Is Coca-Cola stock going to split soon? ›

Coca-Cola didn't have an upcoming stock split on the docket as of mid-2023. However, the company has completed several stock splits throughout its history.

Will share a co*ke come back? ›

We're excited to bring back 'Share a co*ke' this year, refreshed with more names and now last names.

Is KO a long-term buy? ›

Conclusion. KO has certainly proved its might in the past several years, retaining its top position in the industry. With its long-standing history of positive earnings trends, investors eagerly await the earnings release of this beverage behemoth.

Will Coca-Cola stock reach $100? ›

Coca-Cola stock would need to gain 58.87% to reach $100. According to our Coca-Cola stock forecast, the price of Coca-Cola stock will not reach $100. The highest expected price our algorithm estimates is $ 71.10 by Sep 6, 2024.

Is Coca-Cola a good dividend stock? ›

The business generates tons of free cash flow, to the tune of $9.7 billion in 2023. Even after investing in capital expenditures, there are a lot of resources left to fund dividends. The current 3.2% yield is healthy.
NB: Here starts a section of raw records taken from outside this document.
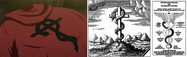 สังเกตกันไหมว่าสัญลักษณ์รูปงูที่พันอยู่บนไม้กางเขนที่อยู่บนเสื้อโค๊ทของเอ็ดเวิร์ดนั้นมาที่มาอย่างไร ที่มาของสัญลักษณ์รูปงูบนไม้กางเขนนั้นจำลองมาจากภาพแกะสลักบนหลุมฝังศพของ “นิโคลัส ฟลาเมล” (Nicolas Flamel) นักเล่นแร่แปรธาตุชาวฝรั่งเศสที่สร้างศิลานักปราชญ์ในตำนาน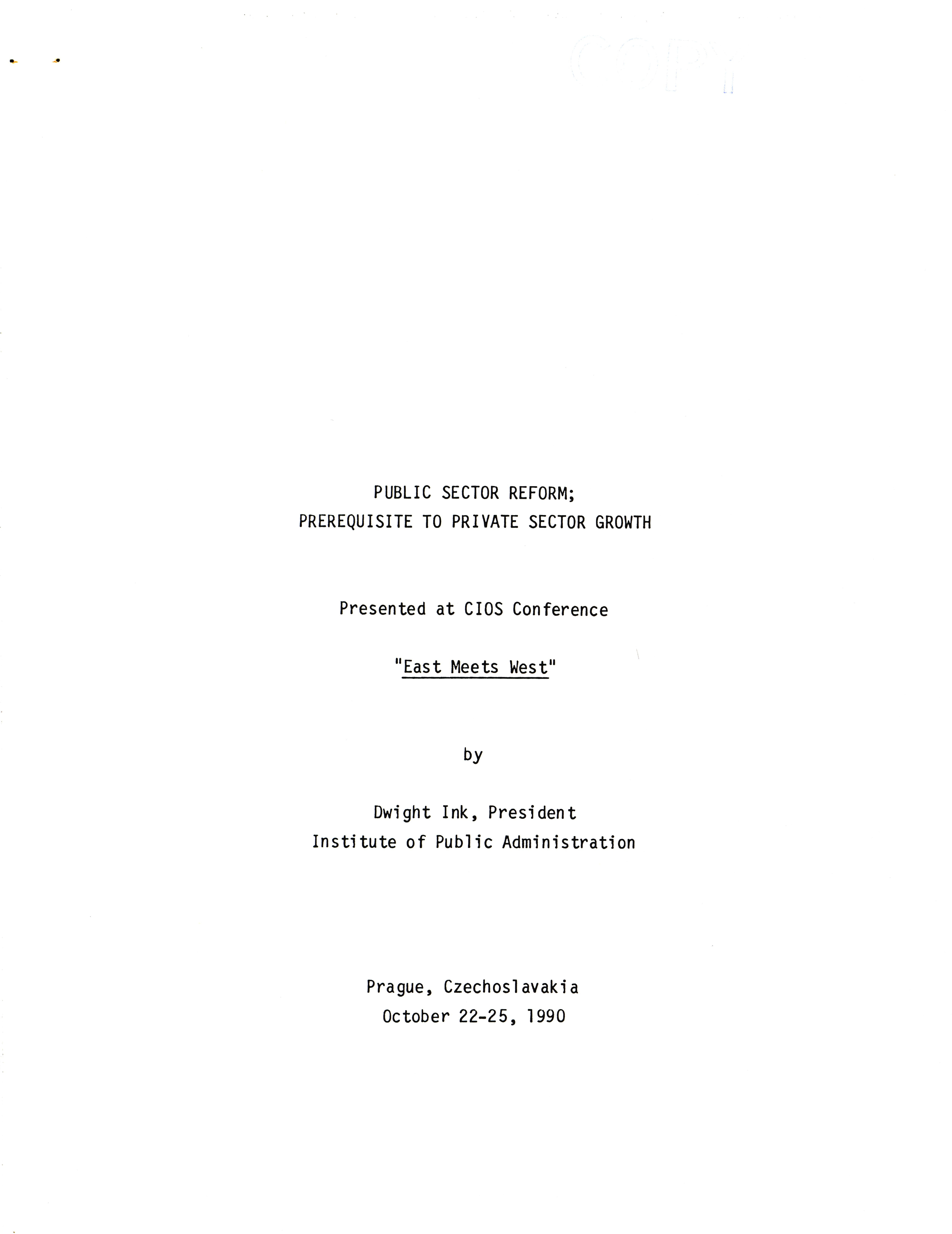 - "Public sector reform: prerequisite to private sector growth, October 22-25, 1990", Dwight Ink Collection, Iowa State University Library Digital Collections
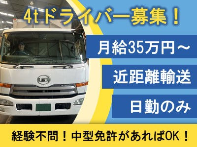 - 近距離配送の4t中型ドライバー/日勤のみ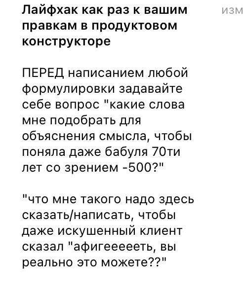 Лайфхак как начать продавать легко. Если у вас проблемы с написанием текстов, объяснения в чем вы хорош и почему надо купить этот лайфхак идеально вам зайдет. Я как раз им поделилась сегодня с моим учеником и решила скинуть вам скрин из нашего рабочего чата. Так что, считай заглянули к нам во внутрянку)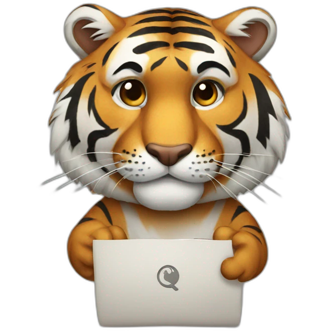 A tiger who study on a laptop with the word "AVEX" on the laptop emoji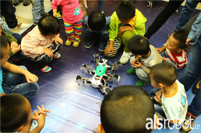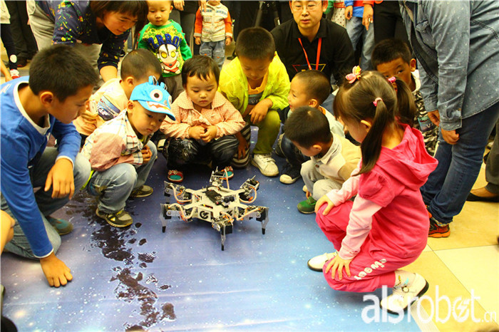 这些机器人都惟妙惟肖啊,不仅外形酷似,连行动的状态也是一样一样的!看现场这些可爱的小宝贝们,都被我们奥松炫酷的机器人迷住啦~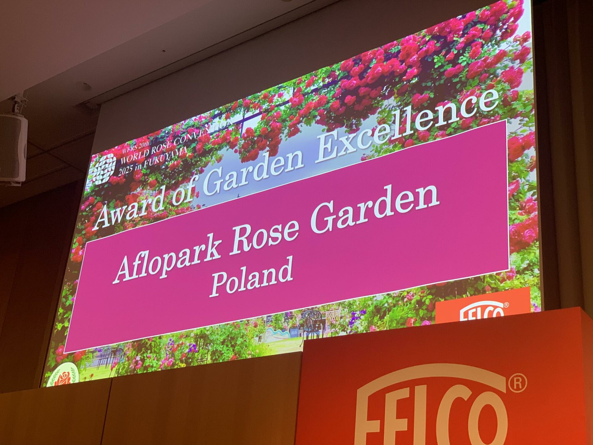 Aflopark Ogród Grażyny i Andrzeja Furmanów w Pabianicach otrzymał zaszczytny tytuł Doskonały Ogród „Award of Garden Excellence” 2025r.! Nagrodę przyznaje raz na trzy lata Światowa Federacja Towarzystw Różanych (WFRS). Ogłoszenie wyników odbyło się podczas 20. Światowego Kongresu Różanego WFRS w Fukujamie w Japonii.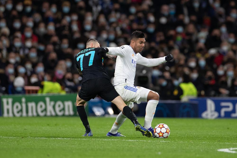 Madrid, Champions League 2021/2022, Real Madrid CF-Inter, giocata allo stadio Santiago Bernabeu, nella foto: Casemiro y Marcelo Brozovic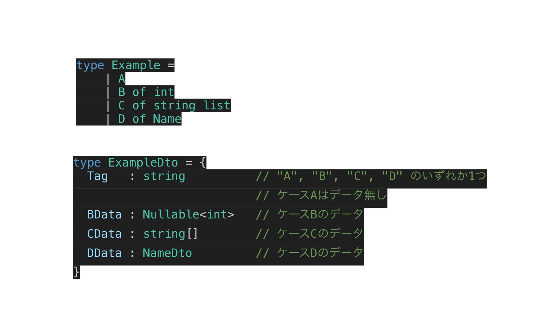 C of string list | D of Name type ExampleDto = { Tag : string // "A", "B", "C", "D" ͷ͍ͣΕ͔1ͭ // έʔεAσʔλແ͠ BData : Nullable<int> // έʔεBͷσʔλ CData : string[] // έʔεCͷσʔλ DData : NameDto // έʔεDͷσʔλ }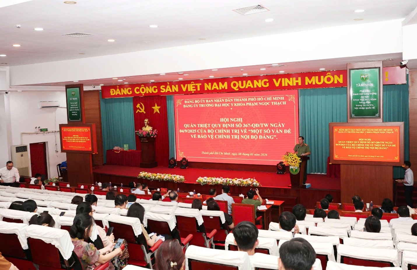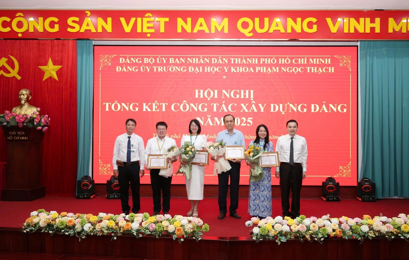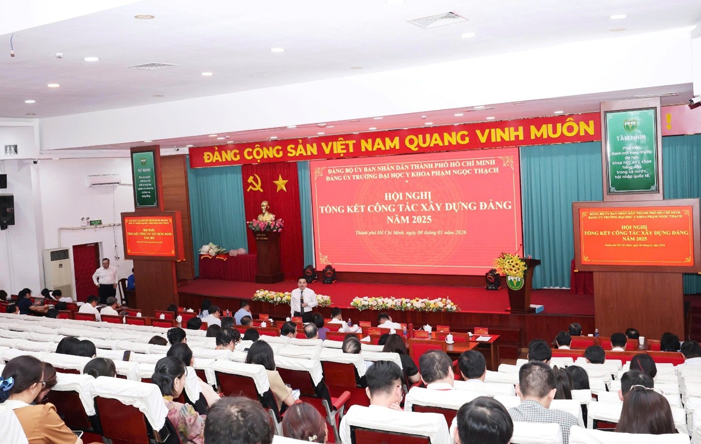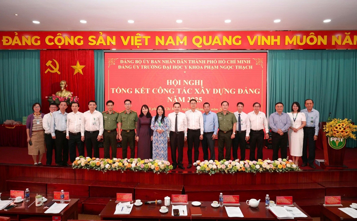 Đại biểu đại diện các cấp lãnh đạo chụp ảnh lưu niệm tại Hội nghị tổng kết công tác xây dựng Đảng năm 2025 Trường Đại học Y khoa Phạm Ngọc Thạch. (Ảnh: VPT cung cấp)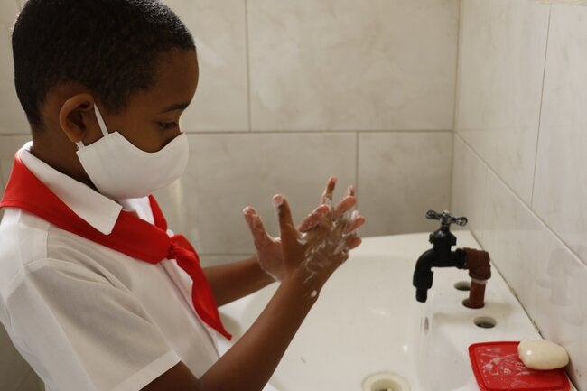 La Habana, 16 de junio de 2021 (OPS) — Uno de los sectores en los que más se ha desarrollado la cooperación técnica de la Representación de OPS/OMS en Cuba a lo largo del tiempo es el de Educación, y durante la pandemia no ha sido diferente. A través del Ministerio de este ramo (MINED) se han impulsado múltiples actividades enfocadas en la preparación del entorno escolar para evitar la transmisión de la COVID-19 y se han viabilizado las donaciones de insumos que resultan fundamentales para la respuesta a esta enfermedad.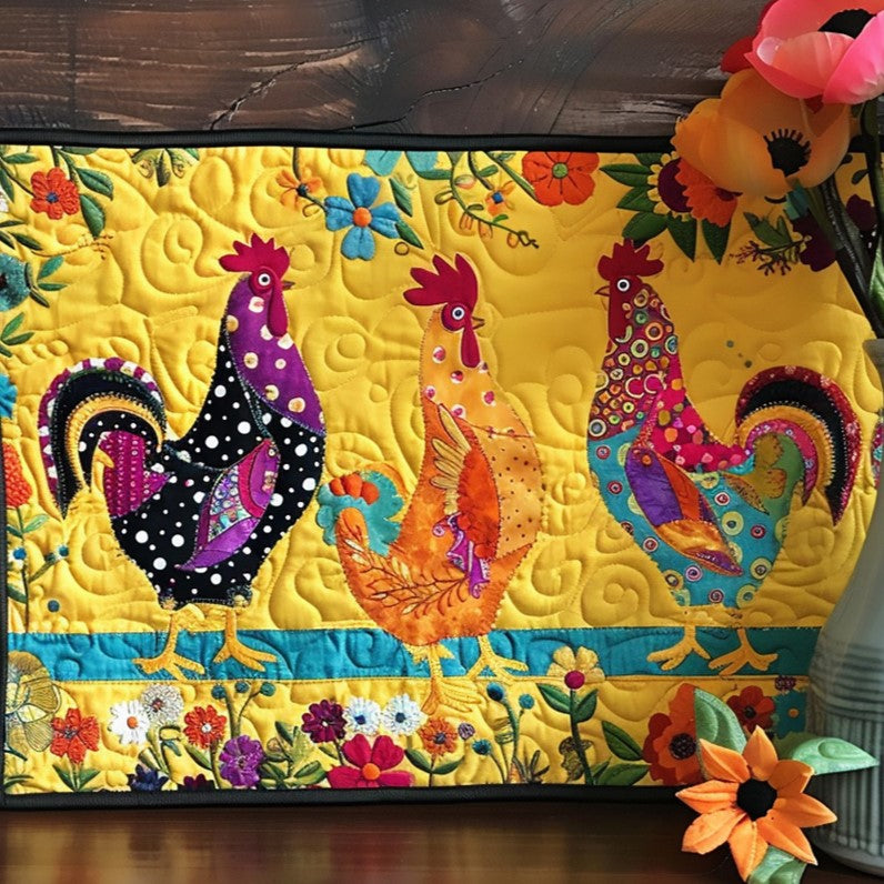 Radiant Rooster Paradise Artisan Quilt Artwork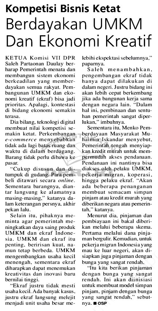 | Judul | Kompetisi Bisnis Ketat : Berdayakan UMKM dan Ekonomi Kreatif |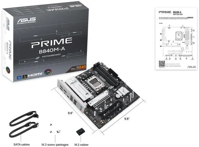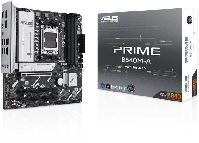 ASUS PRIME B840M-A-CSM - Motherboard - micro ATX - Socket AM5 - AMD B840 Chipset - USB-C 3.2 Gen 1, USB 3.2 Gen 1 - 2.5 Gigabit LAN - onboard graphics (CPU required) - HD Audio (8-channel) - ASUS Corporate Stable Model (CSM)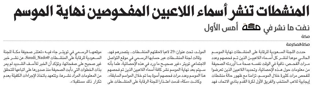 حددت اللجنة السعودية للرقابة على المنشطات نهاية الموسم الحالي موعدا لنشر كل أسماء اللاعبين الذين تم فحصهم وعدد مرات الفحص، نافية في الوقت نفسه صحة ما أوردته الصحيفة من معلومات حول هذه الإحصائية، وتحديدا اللاعبين الذين تعرضوا للفحص مرات كثيرة خلال الموسم، تزامنا مع ظهور حالة منشطات إيجابية للاعب المنتخب والفريق الأول لكرة القدم بنادي الاتحاد، فهد المولد، تحت عنوان: 29 لاعبا لاحقتهم المنشطات.. يتصدرهم فهد. وقالت لجنة المنشطات عبر حسابها الرسمي في موقع التواصل الاجتماعي تويتر «غير صحيح ما ورد في هذه الإحصائية، علما بأنه سيتم بعد نهاية الموسم نشر كافة أسماء اللاعبين الذين تم فحصهم هذا الموسم وعدد مرات فحصهم أسوة بما تم خلال المواسم السابقة». وكانت «مكة» قدمت اعتذارا للجنة الرقابة على المنشطات على موقعها الرسمي في تويتر جاء فيه «تعتذر صحيفة مكة للجنة السعودية للرقابة على المنشطات @Saudi_Nado، عن نشر خبر غير صحيح على صفحاتها، وتؤكد أن الخبر للأسف الشديد لم يمر بذات الخطوات التي دأبت الصحيفة منذ صدورها على اتباعها للتحقق من المعلومات المراد نشرها، وتتعهد باتخاذ الإجراءات الكفيلة بعدم تكرار ذلك مستقبلا».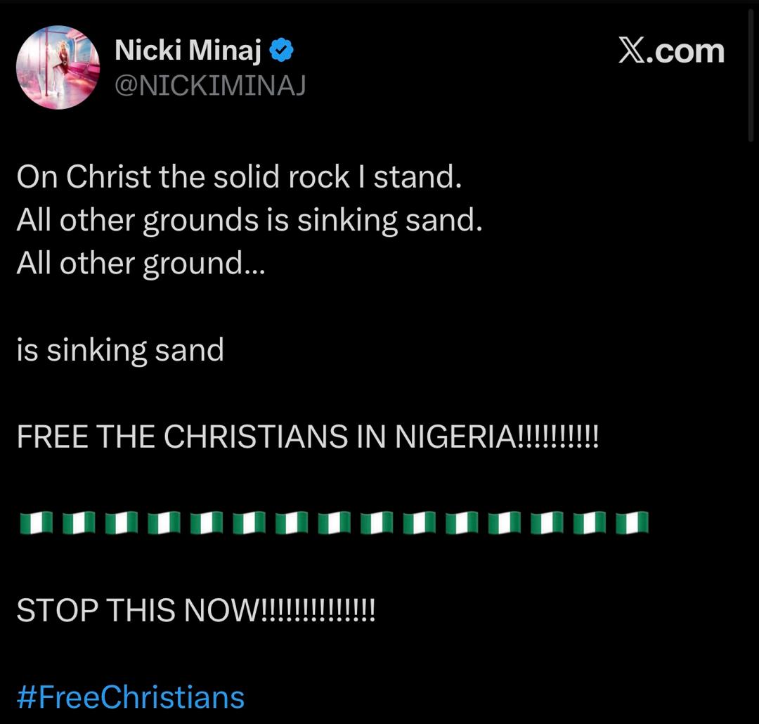American rapper, Nicki Minaj has once again spoken out about the killings in Nigeria, calling for the freedom of Christians and an end to the ongoing violence.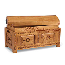 Josefina’s Chest II Josefina’s wooden chest is carved on the front and sides with heavy, rustic hardware—just like a traditional New Mexican trunk. The mortise and tenon joints are fashioned like they would have been in 1824. There’s plenty of storage space inside and a removable tray on top that’s just Josefina’s size. W: 23 1/2" x H: 12 1/2" x D: 11". |
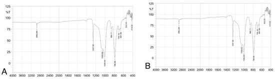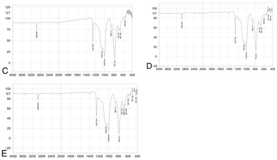 (ATR-FTIR) spectra of silicone elastomer groups: (A) control, (B) 1.5 wt% ZnO, (C) 2.5 wt% TiO2, (D) 0.75 wt% ZnO + 1.25 wt% TiO2, and (E) 0.5 wt% ZnO + 0.83 wt% TiO2. Spectra confirm preservation of characteristic peaks (e.g., Si–O–Si, CH3), indicating no structural alteration due to nanoparticle addition.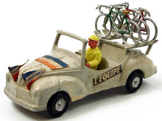 publicités 'L'EQUIPE' - avec conducteur, 2 fanions, 3 vélos & volant en tôle - mauvaise qualité de la peinture d'origine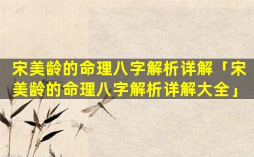 3、宋美龄的命理八字解析详解 🕸 视频 🐦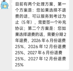 根据总公司退费方案,当初承诺的“未过即退”,变成了延长服务周期或者2年内分4次退费。
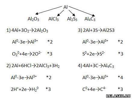 2. Al проявляет сильные восстановительные свойства, получая при этом с.о. +3, по соответствующей схеме: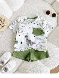 WimblieSet de 2 piezas para niños, Parte superior: Jersey de punto azul marino texturizado con gráfico bordado en rojo en el pecho izquierdo, Bottom: Pantalones caqui, Adecuado para ir y venir, la escuela, uso casual diario, primavera/verano, temporada de regreso a clases, Ropa de bebé niño, Set de suéter de bebé niño, Conjunto de bebé niño, Conjunto casual de bebé niño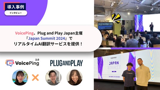 VoicePingは、Plug and Play Japan主催の「Japan Summit 2024」においてリアルタイムAI翻訳サービスを提供し、多国籍イベントにおける多言語対応の新たな可能性を示しました。「Japan Summit 2024」は、過去最大規模となる2,000名以上の参加者を迎え、スタートアップと大企業の連携を促進する場として開催されました。本記事では、日頃からVoicePingをご利用いただいているPlug and Play Japanの伊東さんと塩盛さんに、イベントの背景やVoicePingの活用事例についてお話を伺いました!

But even more impressive, Coca-Cola has increased its annual dividend payout in 62 straight years.

Is dis a buy or sell? ›

Walt Disney has 28.25% upside potential, based on the analysts' average price target. Is DIS a Buy, Sell or Hold? Walt Disney has a consensus rating of Strong Buy which is based on 20 buy ratings, 5 hold ratings and 0 sell ratings.

What is the 5 year forecast for Coca-Cola stock? ›

Coca-Cola stock price stood at $62.96

According to the latest long-term forecast, Coca-Cola price will hit $70 by the end of 2025 and then $80 by the end of 2027. Coca-Cola will rise to $90 within the year of 2028, $100 in 2029, $110 in 2030 and $125 in 2033.